D’accordo con l’esecutivo, trentadue associazioni ambientaliste e di agricoltori della coalizione #StopGlifosato (che ieri hanno addirittura scatenato una twitter storm per chiedere il divieto all’uso del prodotto).
Contro l’erbicida, per esempio, si è pronunciato il presidente di Coldiretti, Roberto Moncalvo, che ha spiegato: «È necessario che un eventuale divieto riguardi coerentemente anche l’ingresso in Italia e in Europa di prodotti stranieri con residui di glifosato». Posizione condivisa anche da Ermete Realacci, presidente della Vili Commissione Ambiente della Camera, alla quale si è aggiunta quella del Wwf che ha rilevato come gli erbicidi con questo principio attivo siano «utilizzati per trattamenti agricoli in modo massiccio e ripetuto. E questo può rappresentare un pericolo».

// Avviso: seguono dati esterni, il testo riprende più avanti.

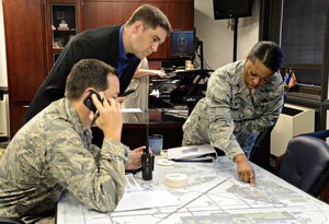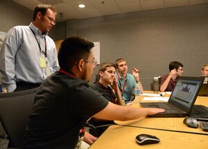 Lt. Gen. Lee K. Levy II, center, Air Force Sustainment Center commander, is surrounded by commanders and senior leaders from subordinate units brought together for a Commanders Conference Aug. 3-4 at Tinker. General Levy discussed and took inputs from the commanders on the AFSC Strategic Plan in a

Dall’altro lato gli industriali della chimica. Agrofarma-Federchimica, precisa che tutti gli agrofarmaci, inclusi i diserbanti, prima di essere messi in commercio vengono sottoposti a studi scientifici e a rigorosi controlli, condotti secondo i sistemi di regolamentazione più rigidi e stringenti al mondo. Per Agrofarma, inoltre, le analisi dello lare «non valutano i rischi reali ma producono liste di potenzialità cancerogene squisitamente teoriche poiché si rifanno a valutazioni di laboratorio che non tengono conto dell’esposizione reale dell’uomo alle sostanze attive». Mentre il Consiglio nazionale dei chimici chiede di «non fare allarmismi e di lasciare le valutazioni dei rischi agli organi competenti. Stranamente rilevano ancora i chimici -, queste campagne subiscono accelerazioni solo quando i prodotti non sono più protetti da brevetto e la produzione può essere fatta a costi minori».